A debate, in common parlance, means a discussion of a particular subject in which people express different opinions. An organized debate is a regulated discussion of a proposition between two matched sides, generally ending with a vote or other decision. Debate improves one's public speaking and critical thinking abilities and is considered to be the only intellectually honest way of solving a problem (other than revelation).
Organized debate has become an organized sport in high schools and college. Different types of debate take place in these competitions, including Policy Debate, Lincoln-Douglass Debate, Parliamentary Debate, and Public Forum Debate.*
Policy Debate is the most common High School debate. It is set up into eight speeches, structured as followed.

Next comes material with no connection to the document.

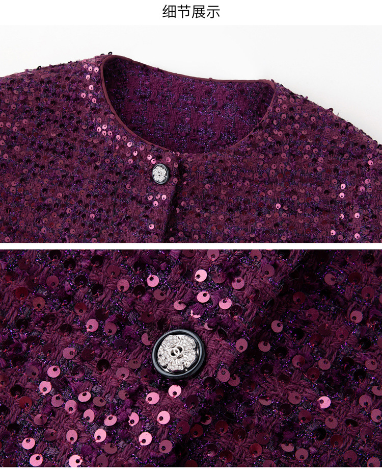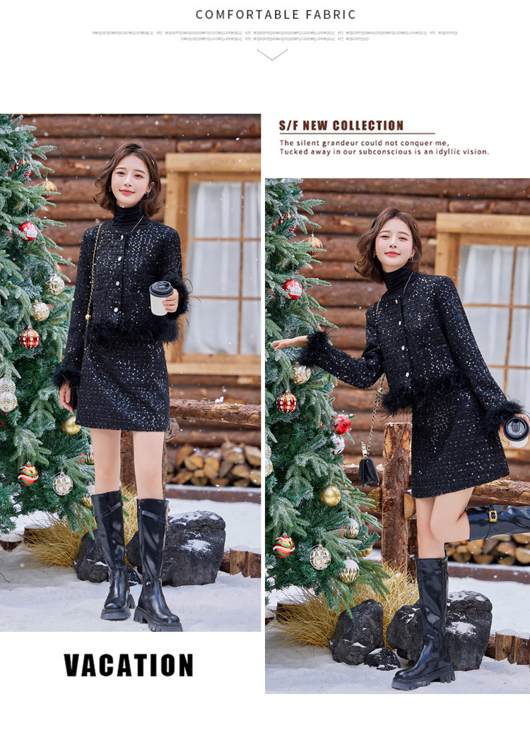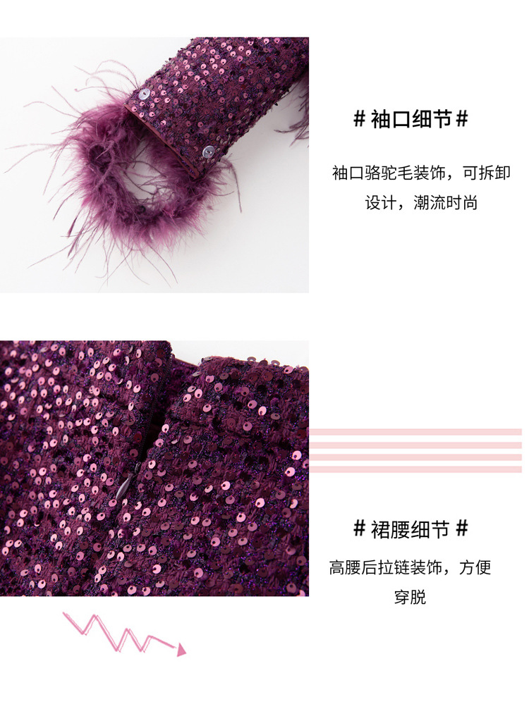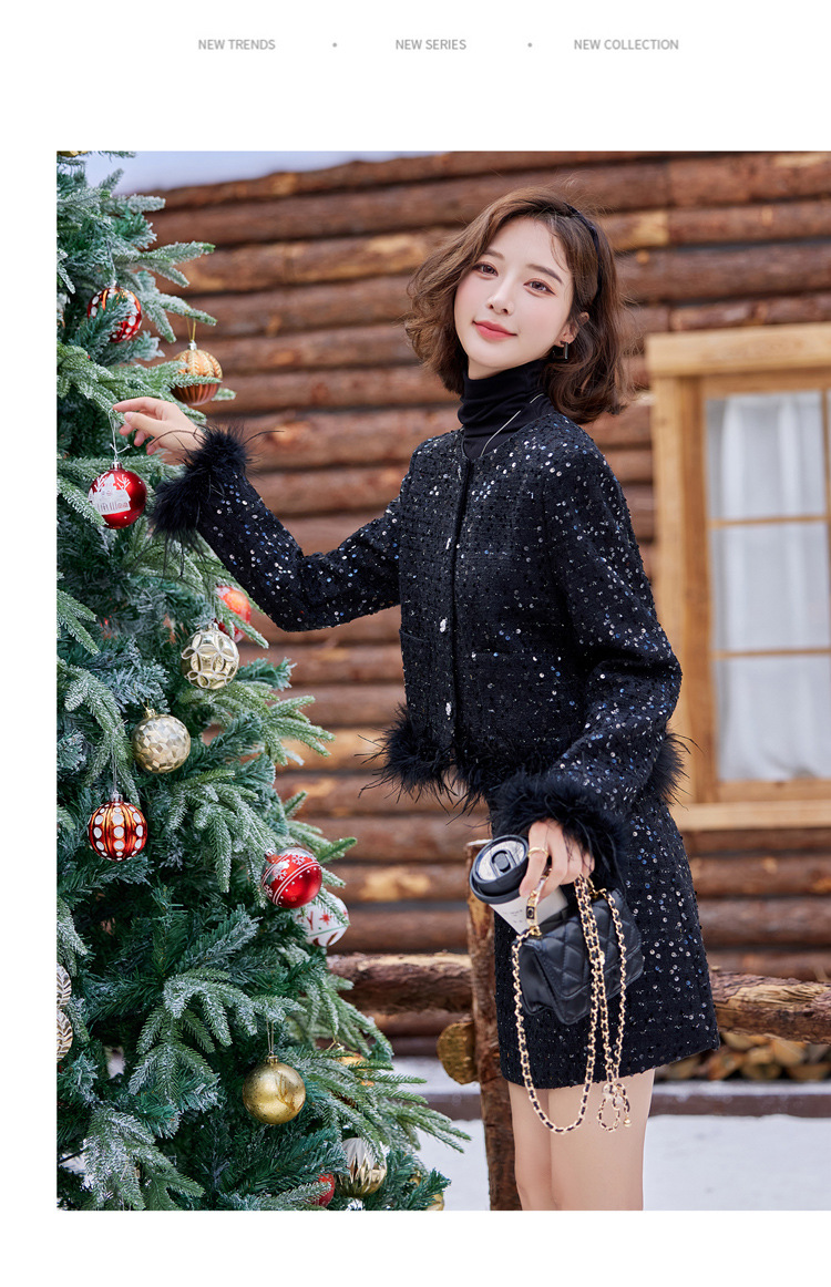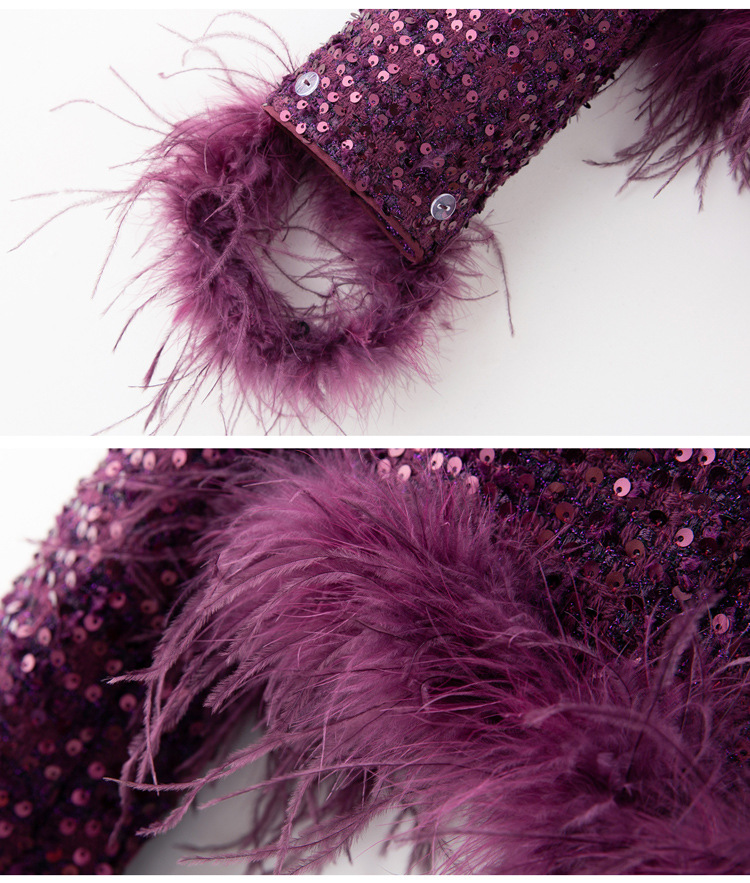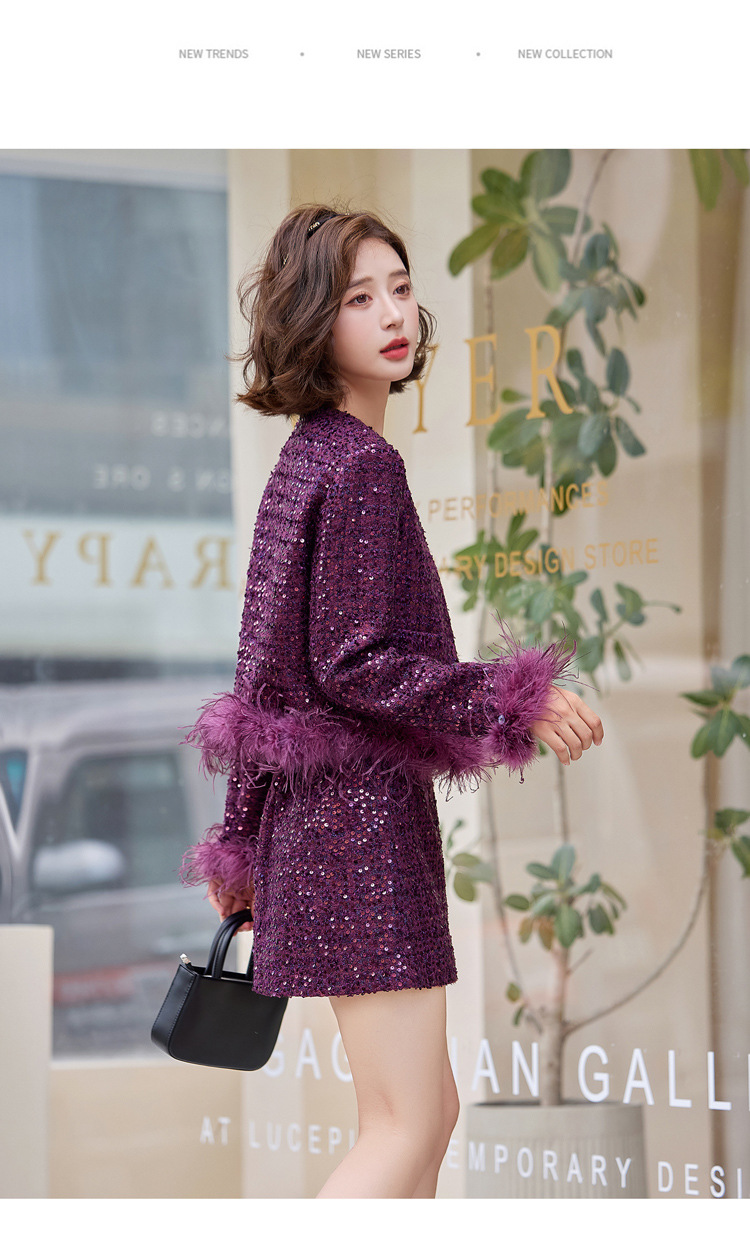 HR-YJLY1329财阀千金系列2025新款早春miu系重工亮片两件套鸵鸟毛套装

1 Affirmative constructive(1ac) - in the 1ac, the affirmative team reads all of there affirmative evidence. There is an eight minute time limit.
1 Negative constructive(1nc) - in the 1nc, the negative team will read negative evidence. There is an eight minute time limit.
2 Affirmative constructive(2ac) - in the 2ac, the affirmative will attempt to counter all of the negative evidence. The 2ac is often considered the make or break moment for the affirmative. There is an eight minute time limit.
2 Negative constructive(2nc) - in the 2nc, the negative will argue half of there negative arguments, as the negative also has the next speech. There is an eight minute time limit.
1 Negative rebuttal(1nr) - in the 1nr, the negative will argue the other half of there arguments. There is a five minute time limit.
1 Affirmative rebuttal(1ar) - the 1ar is considered by many to be the hardest speech in policy debate, as the affirmative has five minutes to rebutt the thirteen minute neg block.
2 Negative rebuttal(2nr) - the 2nr is the negatives last speech and they will usually take half of there argument against the affirmative. There is a five minute time limit.
2 Affirmative rebuttal(2ar) - The affirmative will take all advantages and attempt to win. There is a five minute time limit.
Due to the revealing nature of debate, dishonest organizations will avoid engaging openly with their opponents in debate. Some sites who criticise Conservapedia, for example, have been known to refuse to engage in open debate out of fear that their stance would be exposed as hollow rhetoric. Conservapedia is a perfect example of democratic debate at work, with the views of all openly welcomed and debated without bias or prejudice. Wikipedia is well known to lack any decent standard of debate, and instead enforces liberal views on its articles.
- ↑ Debate has been inextricably intertwined with the concept of the open society, as democratic societies depend upon the free and open exchange of ideas, providing a contrast to the totalitarian regimes where a limited set of ideas are imposed as absolute truths.